Tuesday, June 4, 2013

Storms.

Today was a terribly stormy day.

Driving through Millsboro this morning, the sky was black, the clouds were relieving themselves in a torrential downpour, and it looked like 8 pm rather than 8 am.

Last night, the storms woke me from a dead sleep. I remember being scared awake by a clap of thunder so loud and so long that the house shook. My heart was racing so fast that it seemed to take forever for me to calm down and fall back asleep.

When I was little, I was terrified of storms. (And everything else in the universe. I had a vivid imagination.) I remember my mom telling me it was nothing to be afraid of, but I didn't dare believe her because as soon as I let my guard down, I knew the thunder was gonna get me. Or that maybe God was angry and was heading down to seek vengeance. Either way, those awful sounds couldn't be good.

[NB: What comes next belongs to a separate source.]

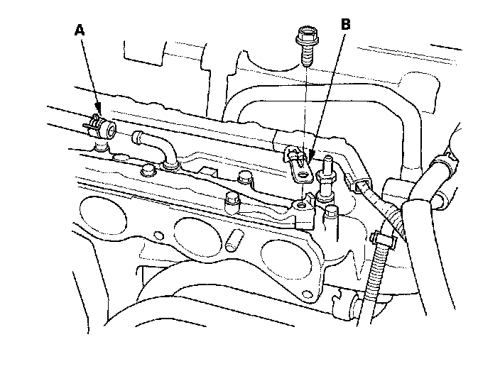 11. Remove the positive crankcase ventilation (PCV) hose (A) and ground cable (B).
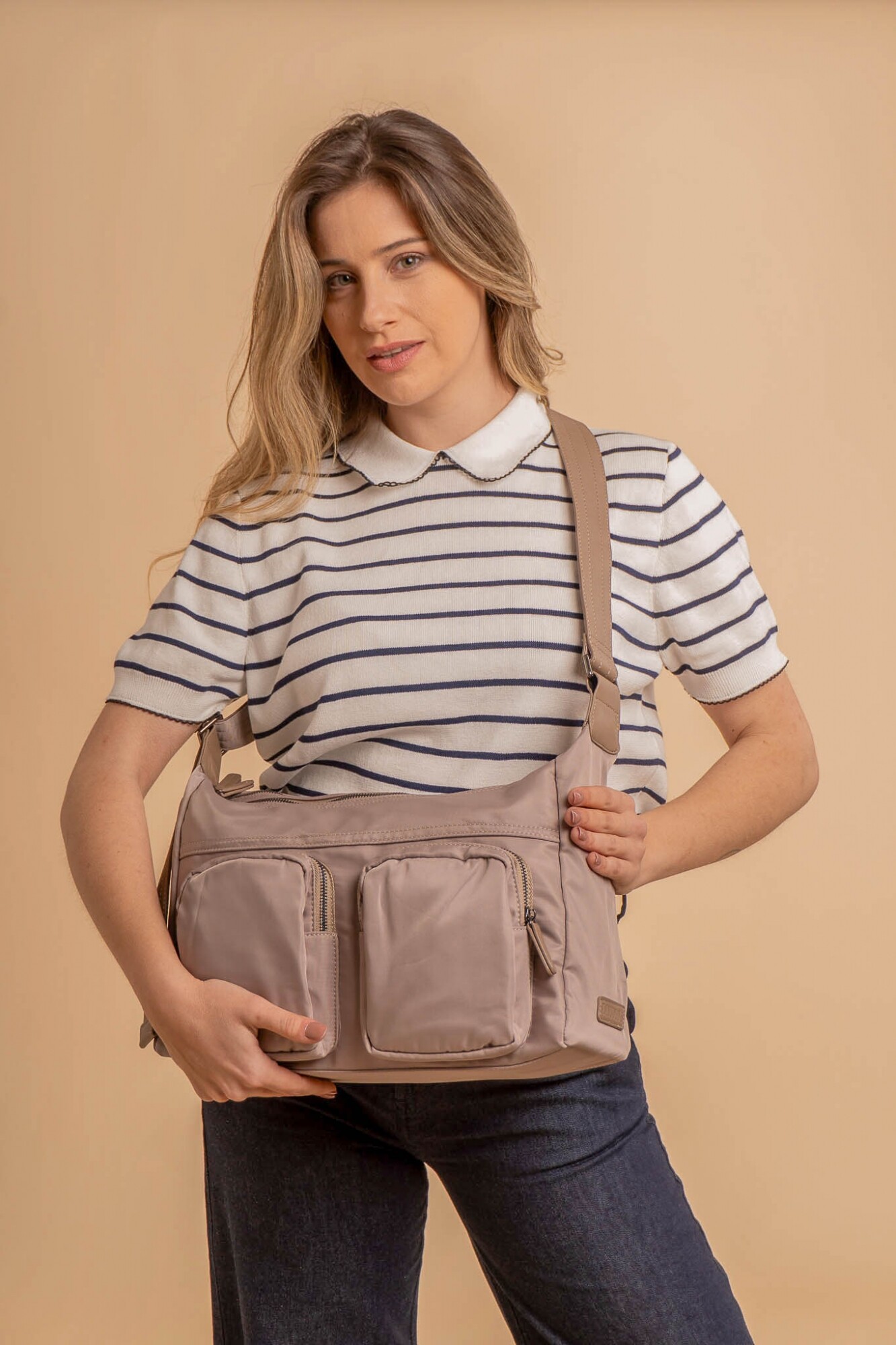 Cuenta con dos compartimientos principales, dos bolsillos con cierre y correa regulable con detalle de hebilla. Ideal para uso diario

My daughter was in tears last night. Cold sweats. Whimpering in my lap. It made me recall being a little girl so terrified of storms. My little girl and I, we're a bit too much alike. I explained how Jehovah makes it rain, and the sky gets too hot, and the clouds rub together and make electricity which makes big scary noises, but that we were safe in our house. She fell asleep with me holding her. I don't recall having that as a child. Maybe that will make all the difference.

The truth is, I'm still scared of storms. At least the night time ones. You can't see what's going on outside. You only get brief, sharp flashes of intense white punctuated by a resounding clap of thunder. And you have no control. You're helpless.

I've said before I'm a complete control freak. I'm finding with self reflection just how true that statement is. It's so bad that I cannot allow myself to be vulnerable around others in any way shape or form. I'm terrified of what might happen if I allow someone to control me in that way.

Life is full of all sorts of little storms. I suppose that's the best part of the journey,  isn't it? Riding or the storms and learning more and more about yourself as you go. The bigger the storms, the greater the character. Or perhaps some of us build character, and some of us buckle under the pressure.

Well that's a whole other discussion completely. I'm tired. It's been a stormy day.